What you have to do
Transcribe, with complete accuracy, all of the entries below except for the pictures.

Material for this exercise

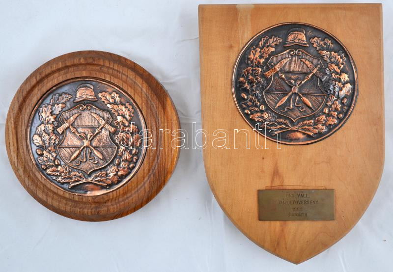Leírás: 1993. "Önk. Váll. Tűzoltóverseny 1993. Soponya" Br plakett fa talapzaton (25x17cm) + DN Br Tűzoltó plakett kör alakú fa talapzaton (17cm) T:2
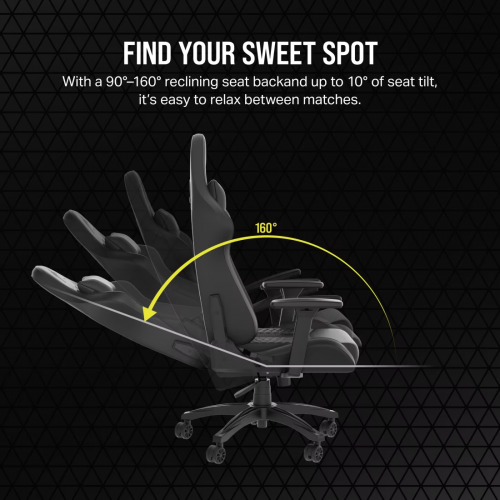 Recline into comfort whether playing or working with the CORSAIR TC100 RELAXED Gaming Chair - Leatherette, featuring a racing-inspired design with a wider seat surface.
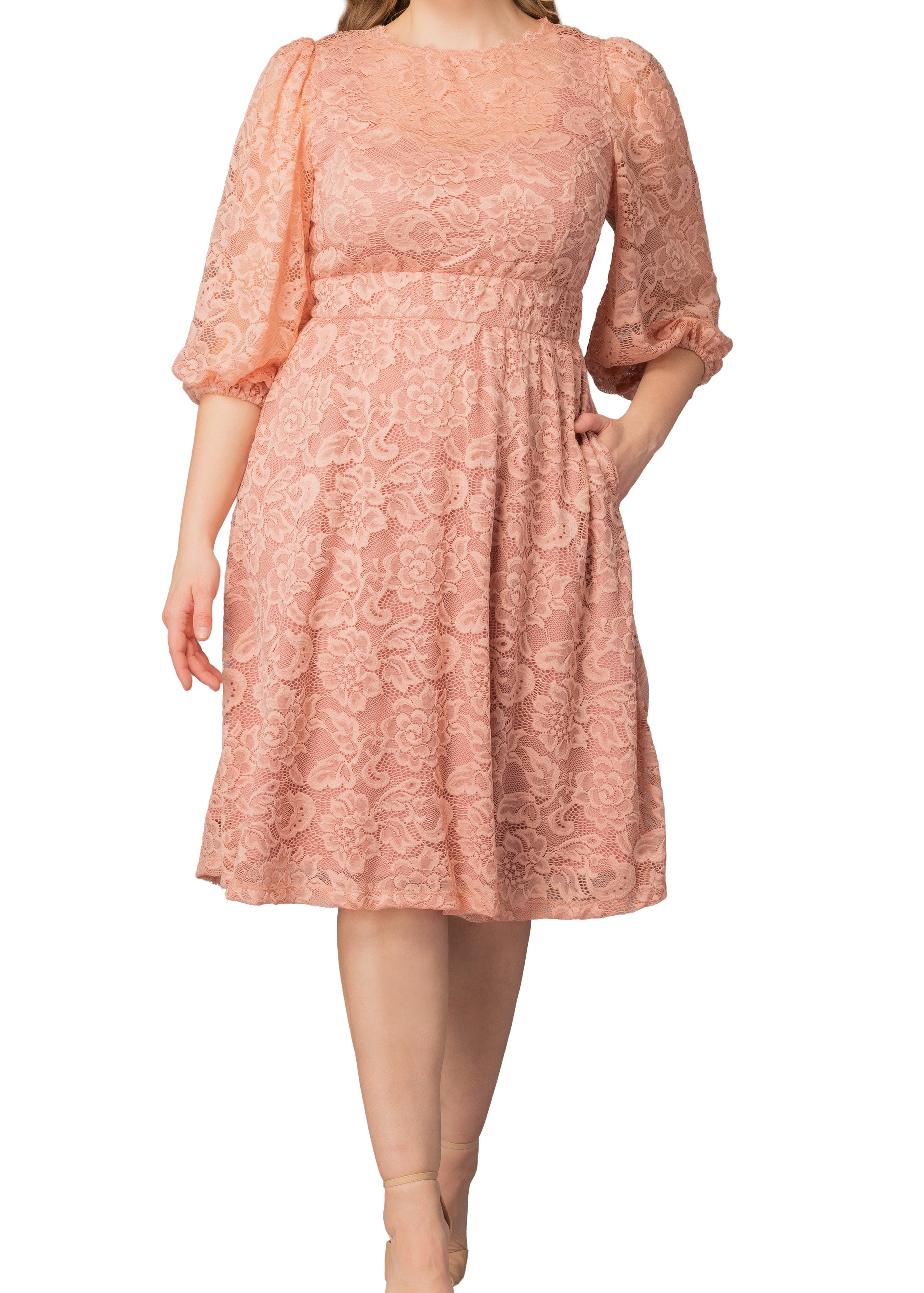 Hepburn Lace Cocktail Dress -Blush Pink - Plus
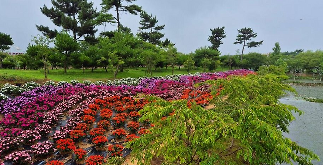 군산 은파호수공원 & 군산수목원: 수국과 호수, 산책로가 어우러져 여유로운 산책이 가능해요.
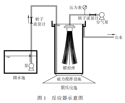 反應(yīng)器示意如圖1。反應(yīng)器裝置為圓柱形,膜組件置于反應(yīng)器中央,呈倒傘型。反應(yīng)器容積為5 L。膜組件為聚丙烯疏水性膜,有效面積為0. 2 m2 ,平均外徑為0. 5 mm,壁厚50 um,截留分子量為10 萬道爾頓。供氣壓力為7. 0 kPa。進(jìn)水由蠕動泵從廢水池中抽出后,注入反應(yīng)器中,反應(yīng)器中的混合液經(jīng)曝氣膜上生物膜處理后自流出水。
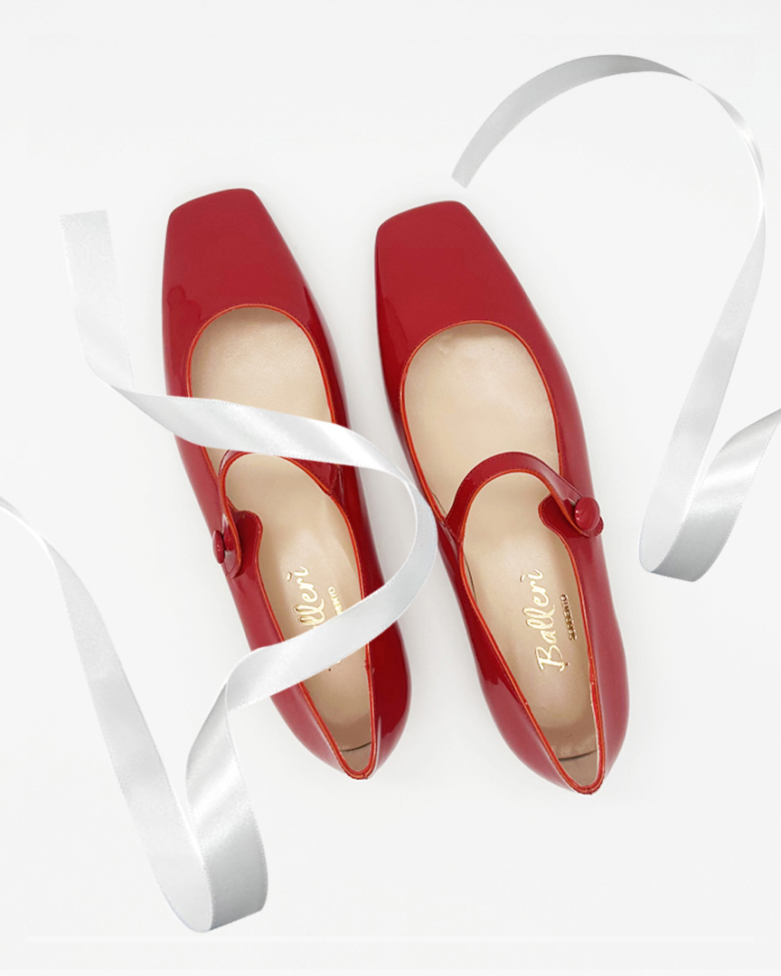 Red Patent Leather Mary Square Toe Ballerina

Answer
Leírás: 1993. "Önk. Váll. Tűzoltóverseny 1993. Soponya" Br plakett fa talapzaton (25x17cm) + DN Br Tűzoltó plakett kör alakú fa talapzaton (17cm) T:2
 Recline into comfort whether playing or working with the CORSAIR TC100 RELAXED Gaming Chair - Leatherette, featuring a racing-inspired design with a wider seat surface.
 Hepburn Lace Cocktail Dress -Blush Pink - Plus
 군산 은파호수공원 & 군산수목원: 수국과 호수, 산책로가 어우러져 여유로운 산책이 가능해요.
 反應(yīng)器示意如圖1。反應(yīng)器裝置為圓柱形,膜組件置于反應(yīng)器中央,呈倒傘型。反應(yīng)器容積為5 L。膜組件為聚丙烯疏水性膜,有效面積為0. 2 m2 ,平均外徑為0. 5 mm,壁厚50 um,截留分子量為10 萬道爾頓。供氣壓力為7. 0 kPa。進(jìn)水由蠕動泵從廢水池中抽出后,注入反應(yīng)器中,反應(yīng)器中的混合液經(jīng)曝氣膜上生物膜處理后自流出水。
 Red Patent Leather Mary Square Toe Ballerina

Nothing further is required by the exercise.